— Data below —

========================================================================

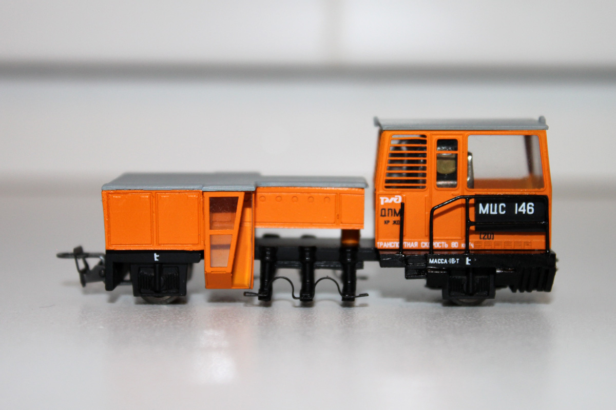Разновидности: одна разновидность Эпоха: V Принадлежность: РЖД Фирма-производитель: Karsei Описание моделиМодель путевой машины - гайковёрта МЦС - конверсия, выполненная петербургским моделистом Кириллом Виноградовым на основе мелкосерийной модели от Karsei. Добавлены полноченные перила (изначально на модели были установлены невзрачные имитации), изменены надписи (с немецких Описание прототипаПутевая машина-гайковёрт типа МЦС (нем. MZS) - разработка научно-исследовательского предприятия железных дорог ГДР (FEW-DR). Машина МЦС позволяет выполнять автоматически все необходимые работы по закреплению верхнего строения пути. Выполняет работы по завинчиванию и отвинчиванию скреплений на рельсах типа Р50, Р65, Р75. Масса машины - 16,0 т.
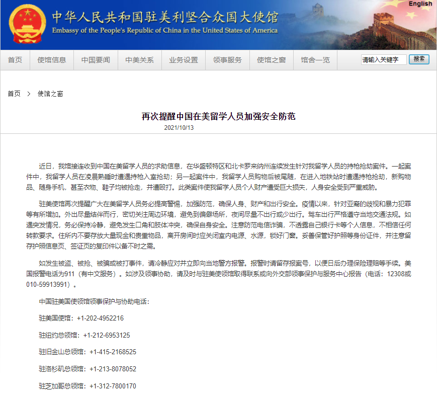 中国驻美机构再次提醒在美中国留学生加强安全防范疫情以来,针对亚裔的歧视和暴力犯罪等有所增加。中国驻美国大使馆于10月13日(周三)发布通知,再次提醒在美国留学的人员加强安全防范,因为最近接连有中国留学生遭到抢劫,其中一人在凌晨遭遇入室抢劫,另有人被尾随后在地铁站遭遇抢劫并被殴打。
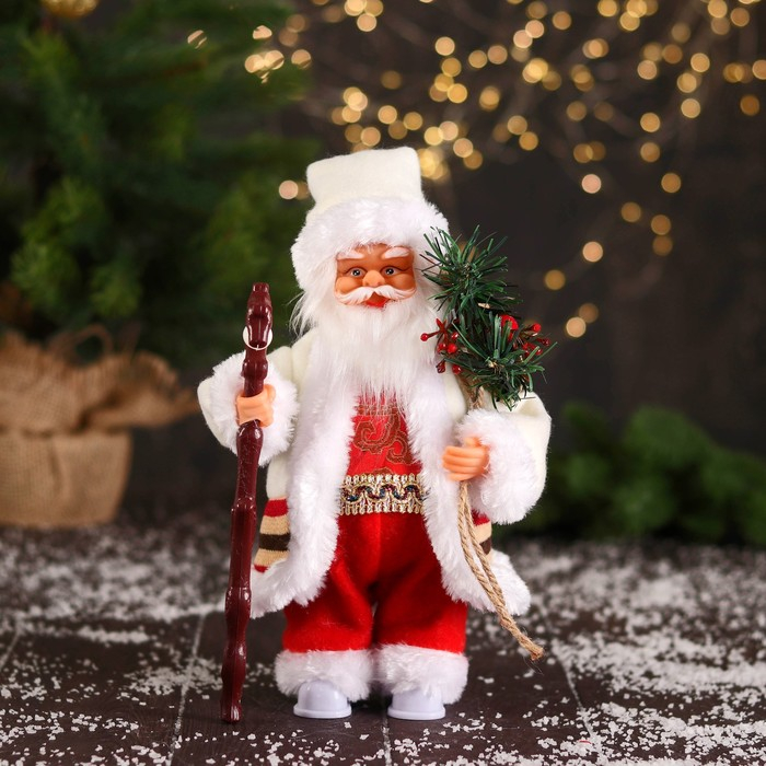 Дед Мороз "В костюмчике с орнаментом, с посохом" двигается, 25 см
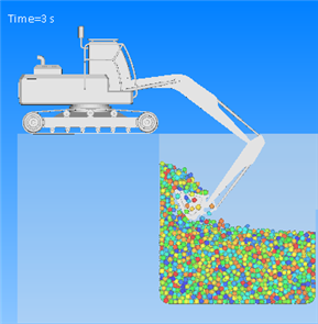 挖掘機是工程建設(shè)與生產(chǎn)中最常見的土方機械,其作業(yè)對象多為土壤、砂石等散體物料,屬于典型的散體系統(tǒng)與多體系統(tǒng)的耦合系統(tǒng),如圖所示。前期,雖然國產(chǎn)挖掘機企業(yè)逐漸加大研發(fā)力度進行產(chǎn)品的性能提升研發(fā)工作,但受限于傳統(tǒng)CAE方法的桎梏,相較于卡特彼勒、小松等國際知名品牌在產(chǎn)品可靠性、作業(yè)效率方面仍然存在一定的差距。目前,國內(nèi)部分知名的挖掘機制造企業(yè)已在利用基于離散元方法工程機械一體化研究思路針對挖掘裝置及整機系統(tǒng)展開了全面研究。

========================================================================

— The problem —
Each line from the one containing "中国驻美机构再次提醒在美中国" through the last line of the data should be written out exactly. Skip the pictures, and add no other lines.

— Answer to this task —
 中国驻美机构再次提醒在美中国留学生加强安全防范疫情以来,针对亚裔的歧视和暴力犯罪等有所增加。中国驻美国大使馆于10月13日(周三)发布通知,再次提醒在美国留学的人员加强安全防范,因为最近接连有中国留学生遭到抢劫,其中一人在凌晨遭遇入室抢劫,另有人被尾随后在地铁站遭遇抢劫并被殴打。
 Дед Мороз "В костюмчике с орнаментом, с посохом" двигается, 25 см
 挖掘機是工程建設(shè)與生產(chǎn)中最常見的土方機械,其作業(yè)對象多為土壤、砂石等散體物料,屬于典型的散體系統(tǒng)與多體系統(tǒng)的耦合系統(tǒng),如圖所示。前期,雖然國產(chǎn)挖掘機企業(yè)逐漸加大研發(fā)力度進行產(chǎn)品的性能提升研發(fā)工作,但受限于傳統(tǒng)CAE方法的桎梏,相較于卡特彼勒、小松等國際知名品牌在產(chǎn)品可靠性、作業(yè)效率方面仍然存在一定的差距。目前,國內(nèi)部分知名的挖掘機制造企業(yè)已在利用基于離散元方法工程機械一體化研究思路針對挖掘裝置及整機系統(tǒng)展開了全面研究。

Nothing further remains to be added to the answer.